# AIM OF THE EXERCISE
Your answer must be an exact copy of the lines below, from the first through the one with "снег блестит, морозец, солнце", with no pictures.

── PROVIDED ENTRIES

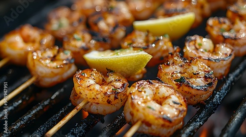 Grilled Shrimp Skewers with Lemon on Barbecue Grill
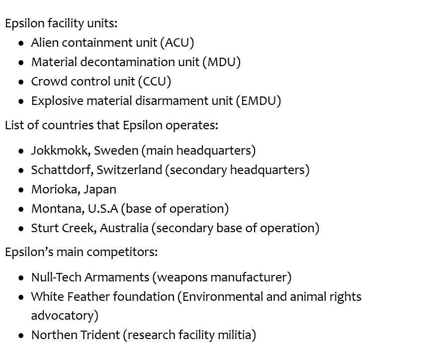 Added the facility units, the list of countries where it operates, the main competitors and the sectors to the lore
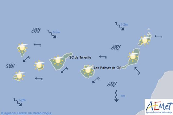 Viento del este a sureste flojo a moderado, más intenso por la tarde en extremos sur y nordeste y zonas altas. Brisas en costas oeste.
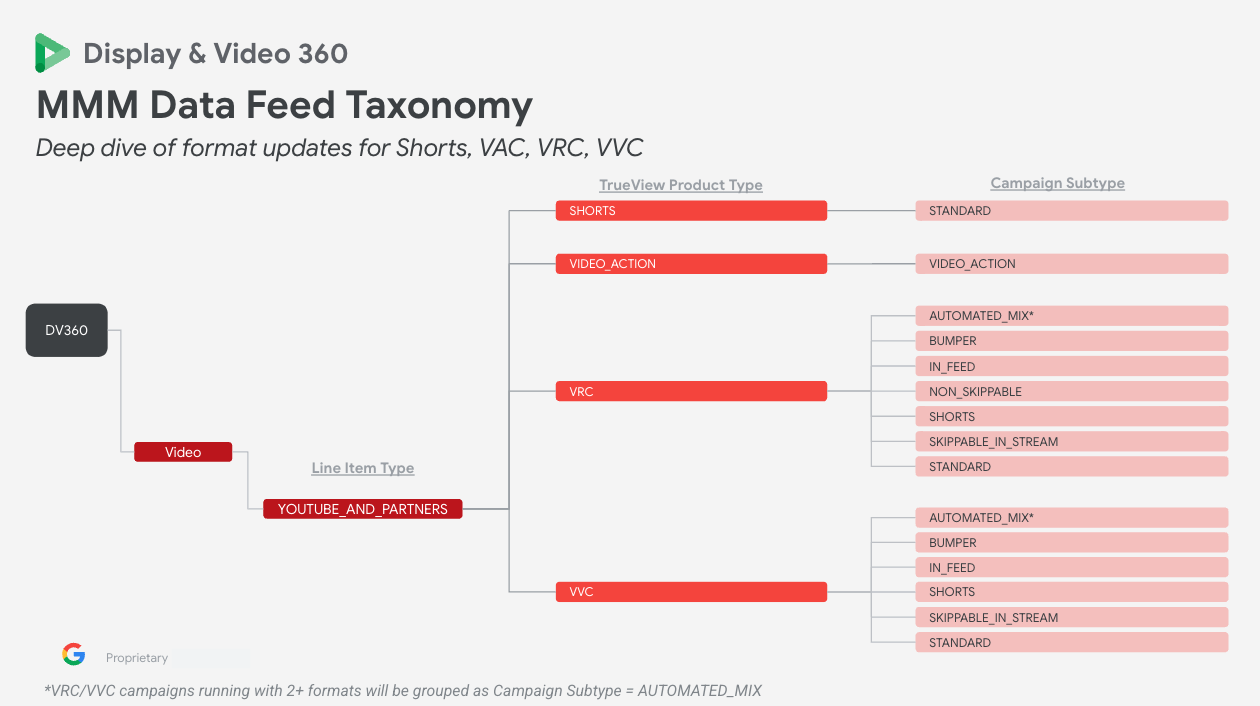 The following image shows the in-depth data formats for Display & Video 360 Shorts, VAC, VRC, and VVC. (Click the image to enlarge.)
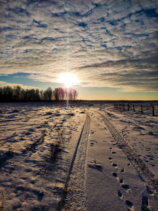 снег блестит, морозец, солнце яркое, -20 градусов на улице, а в
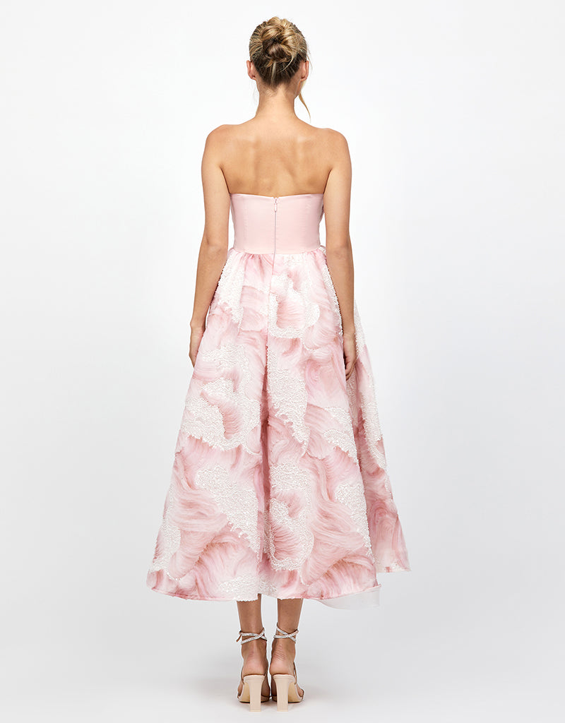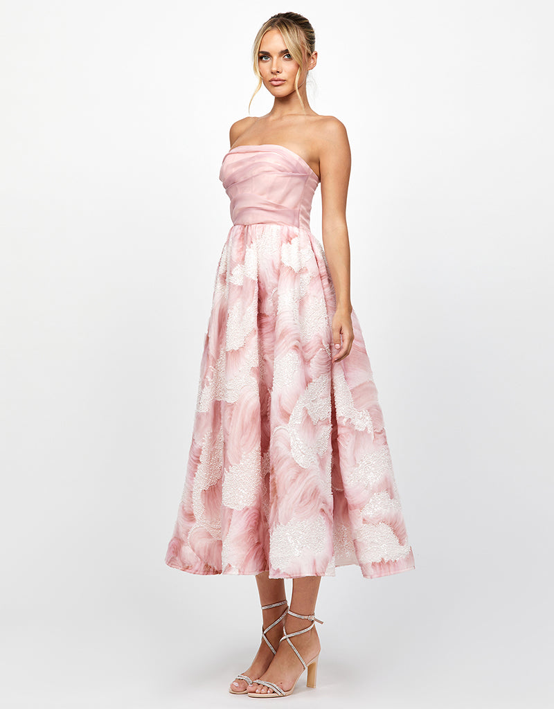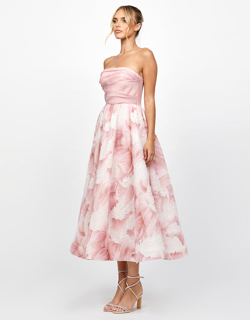 Elegant with a touch of whimsy, this midi dress is crafted from delicate 3D embroidered beaded net lace and soft organza for a romantic, textured look. Featuring a straight-across strapless neckline, the design is elevated by a draped organza overlay and subtle taping detail for added depth and dimension. The structured bodice includes boning and built-in cups for a supportive, sculpted fit, while the A-line midi skirt is finished with a crinoline hemline for added volume and movement. Fully lined and complete with an invisible back zip closure, this piece is perfect for weddings, special occasions, or standout event dressing.
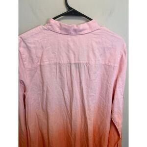 tags: j jill, linen, rayon, viscose, new, collared, button up, ombre, tie dye, pink, lightweight, casual, summer
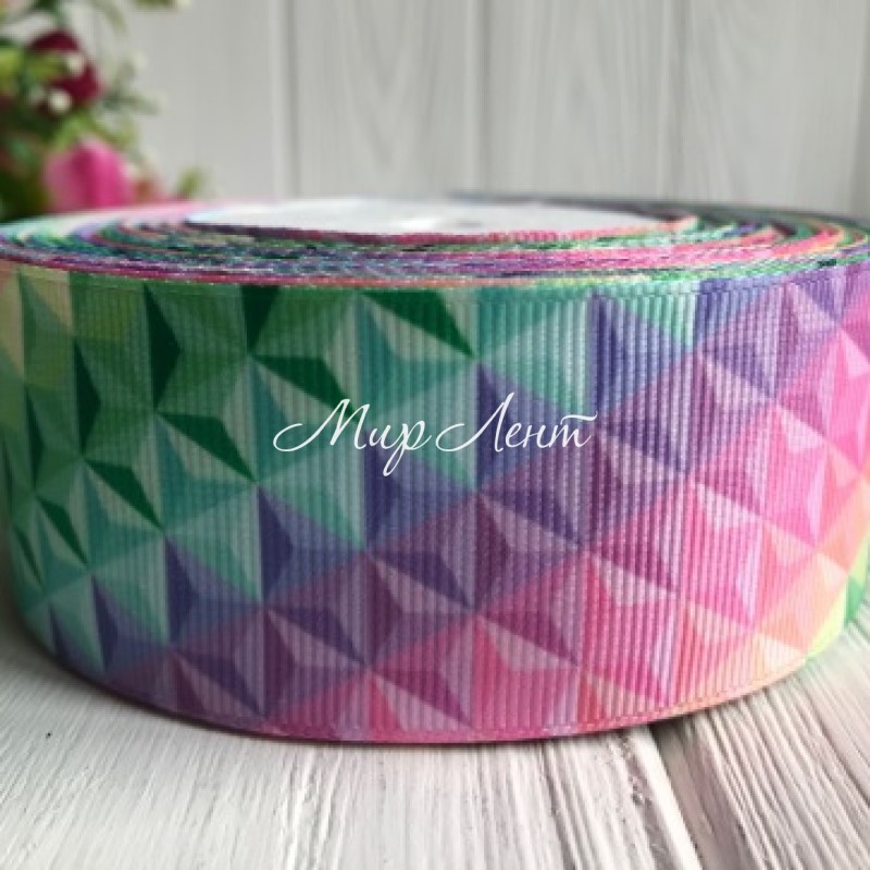 Репс 4 см, диагональные пастельные ромбы, рулон 23 м

────

# SOLUTION TO THIS PROBLEM
 Grilled Shrimp Skewers with Lemon on Barbecue Grill
 Added the facility units, the list of countries where it operates, the main competitors and the sectors to the lore
 Viento del este a sureste flojo a moderado, más intenso por la tarde en extremos sur y nordeste y zonas altas. Brisas en costas oeste.
 The following image shows the in-depth data formats for Display & Video 360 Shorts, VAC, VRC, and VVC. (Click the image to enlarge.)
 снег блестит, морозец, солнце яркое, -20 градусов на улице, а в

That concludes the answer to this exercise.